Mario's Furniture 2, an installation and interactive game, will be exhibited at TELIC Arts Exchange in Chinatown from October 28th to December 3rd. Created by artists Hillary Mushkin and S.E. Barnet, Mario's Furniture integrates wireless technology with artistic production and performance. In most video games you just sit on the couch, but when you play Mario’s Furniture you MOVE the couch, in fact you move the whole living room!
Mario's Furniture began in 2002 as a video installation, including a single night of performance. Four years later, Mario’s Furniture 2 - created with programmer Clay Chaplin and electronic specialist Lorin Parker - is now a wireless environment where viewers become players, physically moving objects before a relentlessly panning camera, all the while watching themselves and their scores in real time on a large-screen projection.

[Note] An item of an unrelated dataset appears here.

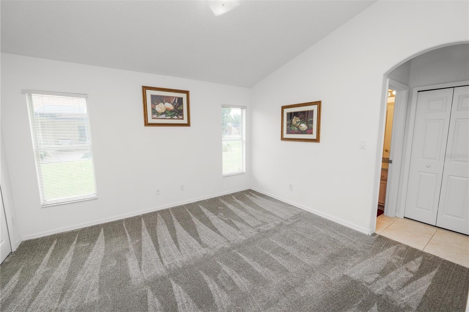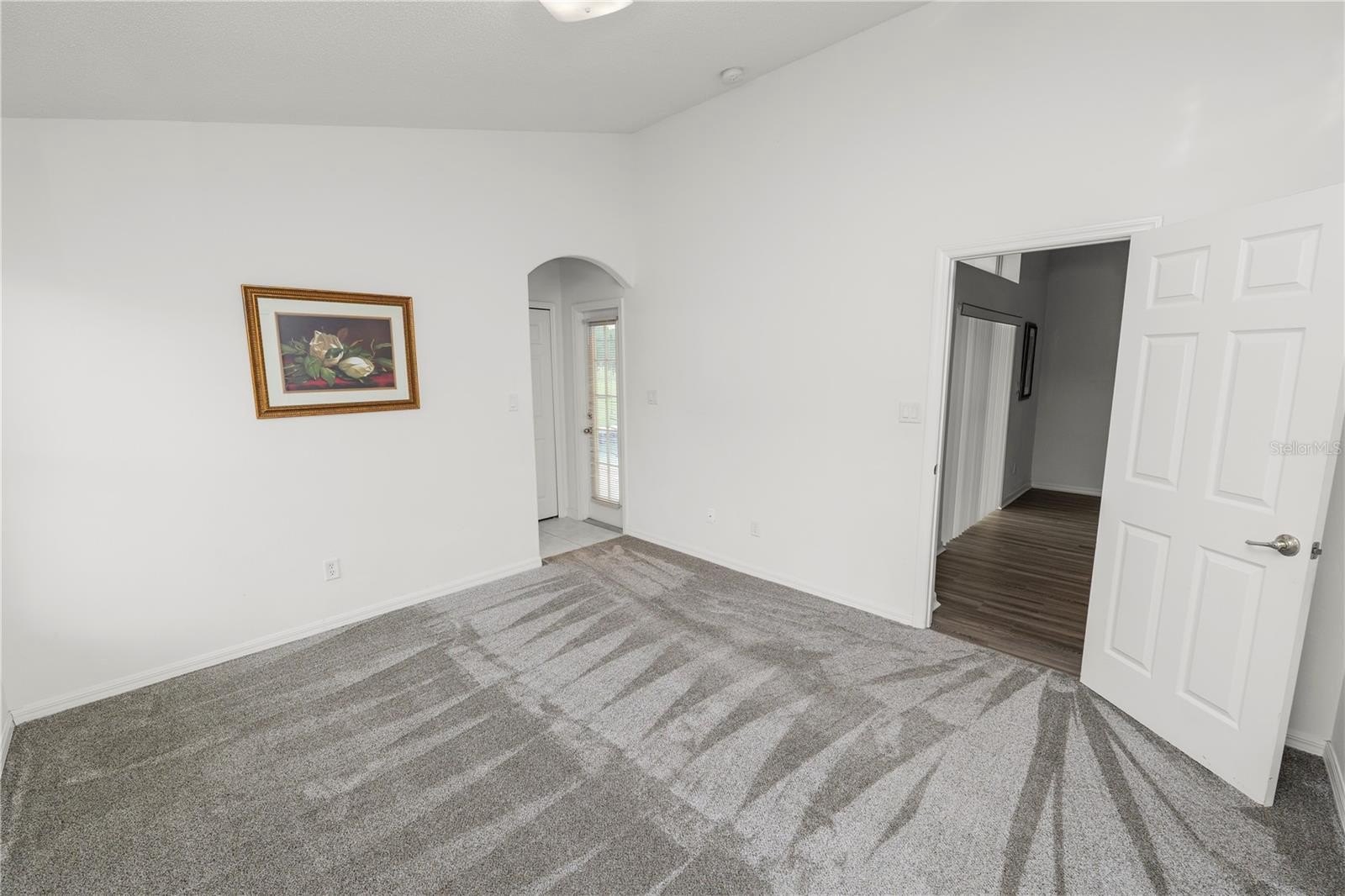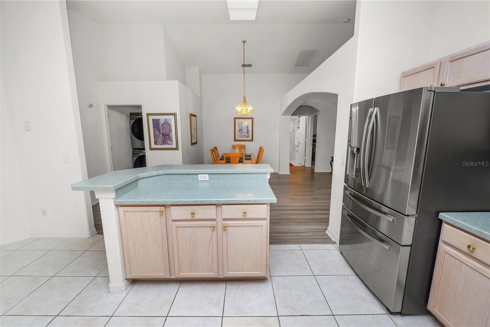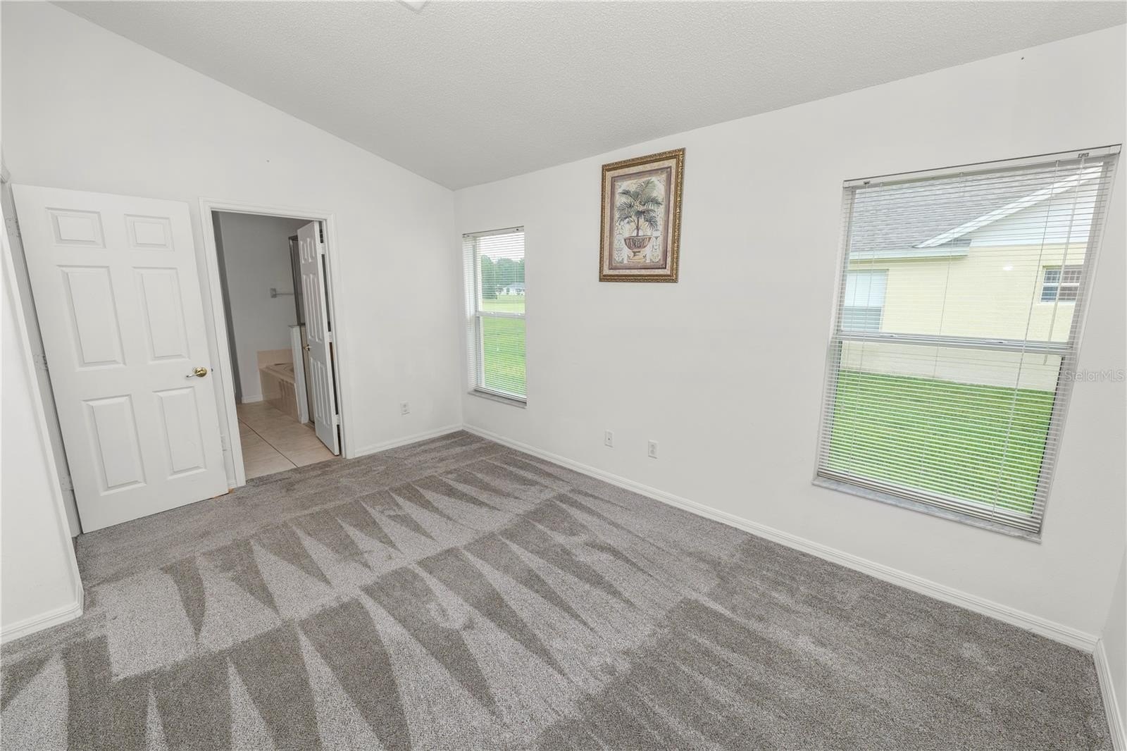The home features new carpet and LVT flooring in 2024. Step inside to vaulted ceilings with a thoughtfully designed layout offering an effortless flow between the living, dining, and kitchen areas while natural light filters in through skylights, adding warmth and charm throughout the home.
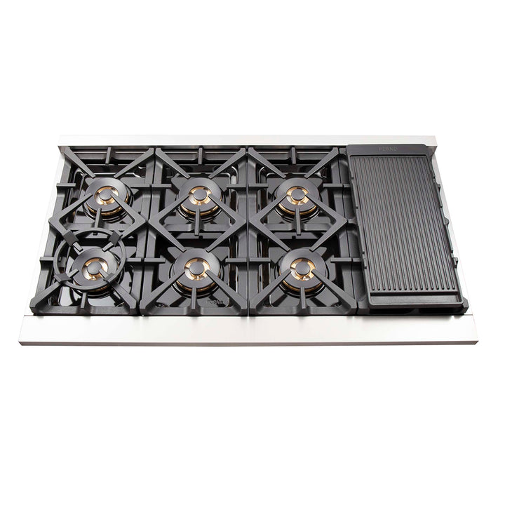 * Sealed Dual-Ring Brass Burners can achieve high heat searing or delicate simmering control

In Mario’s Furniture 2 the body is actualized in real and virtual space simultaneously. Players can’t merely manipulate an avatar with a joystick. Playing Mario’s Furniture involves strenuous physicality, parodying conventional video games in which avatars are put in peril while players sit on a couch. Players must physically move the couch to play the
game. Mario’s emphasizes how camera and screen effect the construction of social relationships. Players see themselves (and not a stand in) under the camera’s scrutiny, humorously mirroring the absurdity of living within the frame.Mushkin and Barnet look at technological and narrative ways in which video and digital media unfold and complicate meaning. The game critically remarks on aesthetics and narrative boy-logic of computer games while reflecting on theories of the digitally decentered subject. The artists’ racing antics against the camera alludes to Chaplin and Keaton, Mario Brothers, Tomb Raider and the deadline pressed “Extreme Makeover: Home Edition.”